Metadata-Version: 2.1
Name: ions
Version: 0.3.0
Summary: A python library for studying percolation in solids
Home-page: https://github.com/dembart/ions
Author: Artem Dembitskiy
Author-email: art.dembitskiy@gmail.com
License: UNKNOWN
Platform: UNKNOWN
Classifier: Programming Language :: Python :: 3.6
Classifier: Programming Language :: Python :: 3.7
Classifier: Programming Language :: Python :: 3.8
Classifier: Programming Language :: Python :: 3.9
Classifier: Programming Language :: Python :: 3.10
Classifier: Programming Language :: Python :: 3.11
Classifier: License :: OSI Approved :: MIT License
Classifier: Operating System :: OS Independent
Description-Content-Type: text/markdown
License-File: LICENSE

![ions_logo](https://raw.githubusercontent.com/dembart/ions/main/ions_logo.png)


#### About

ions is a python library made for studying percolation in ionic crystals

Functionality includes:

* calculating 1-3D percolation radius of mobile species in crystals

* finding percolation pathway and its inequivalent parts (tests are required)
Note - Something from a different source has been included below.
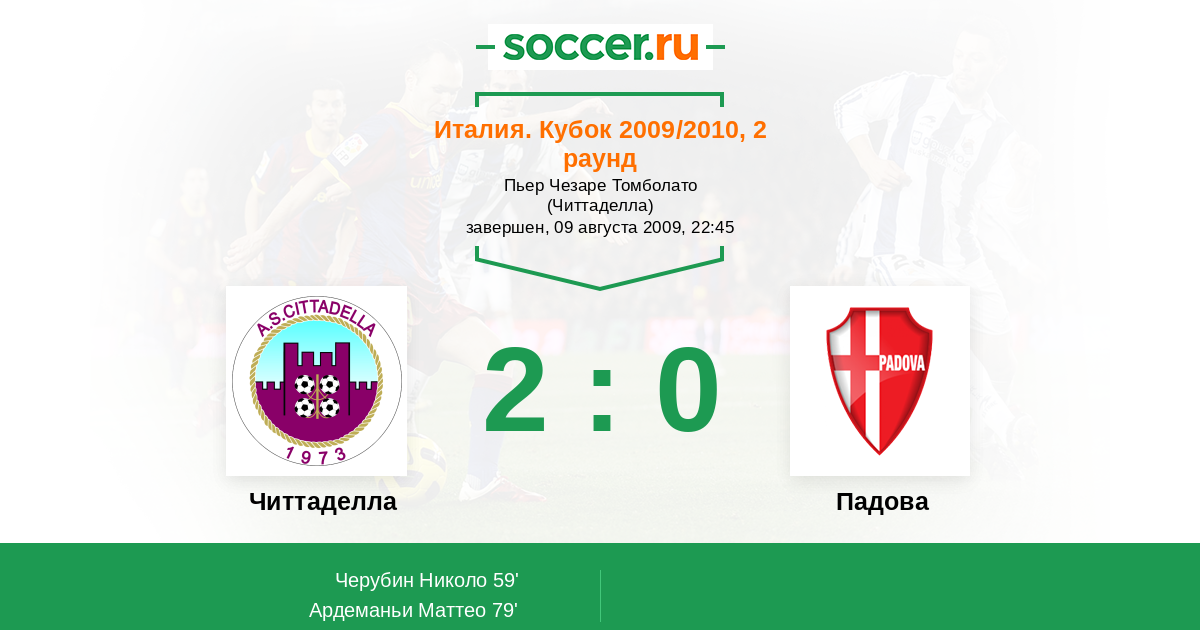 Протокол матча Читтаделла против Падова

* calculating activation barrier using nudged elastic band method implementing bond valence force field calculator

* searching for a minimum jump distance of a mobile specie required for 1-3D percolation

* handling data associated with ionic crystals

* decoration of ase's Atoms objects with oxidation states (pymatgen's reimplementaion)


Note:
The library is under active development. Errors are expected. Most of the features are not well documented for now.


#### Installation

```pip install ions```

#### Maximum percolation dimensionality and minimum required jump distance


```python
from ase.io import read, write
from ions.tools import PathFinder

file = '/Users/artemdembitskiy/Downloads/LiFePO4.cif'
atoms = read(file)  

specie = 3
pf = PathFinder(atoms, specie, 10.0)

tr = 0.5 # Minimum allowed distance between the edge and the framework
cutoff, max_dim = pf.mincut_maxdim(tr)

print(f'Maximum percolation dimensionality: {max_dim}')
print(f'Jump distance cutoff: {cutoff} angstrom')
```

    Maximum percolation dimensionality: 3
    Jump distance cutoff: 5.7421875 angstrom



```python
pf.percolation_threshold(1), pf.percolation_threshold(2), pf.percolation_threshold(3)
```




    (1.582, 1.4551, 0.9668)



#### Save percolating network


```python
traj = pf.create_percotraj(cutoff, tr)
write('perolating_sublattice.cif', traj) # jumps between nearest neighbors are linearly interpolated within 2x2x2 supercell
```

#### Inequivalent ionic hops forming percolating netwrok


```python
edges, features = pf.unique_edges(cutoff, tr) # list of (source, target, offset_x, offset_y, offset_z)
edges, features
```




    (array([[2, 3, 0, 0, 0],
            [0, 1, 1, 0, 0],
            [0, 3, 1, 0, 0],
            [0, 3, 1, 1, 0],
            [2, 1, 0, 1, 0],
            [0, 0, 1, 0, 0]]),
     array([[0.   , 0.   , 0.589, 5.736],
            [0.   , 0.   , 0.66 , 5.736],
            [0.   , 0.   , 0.695, 5.639],
            [0.   , 0.   , 0.696, 5.639],
            [0.   , 0.   , 1.461, 3.045],
            [0.   , 0.   , 1.587, 4.746]]))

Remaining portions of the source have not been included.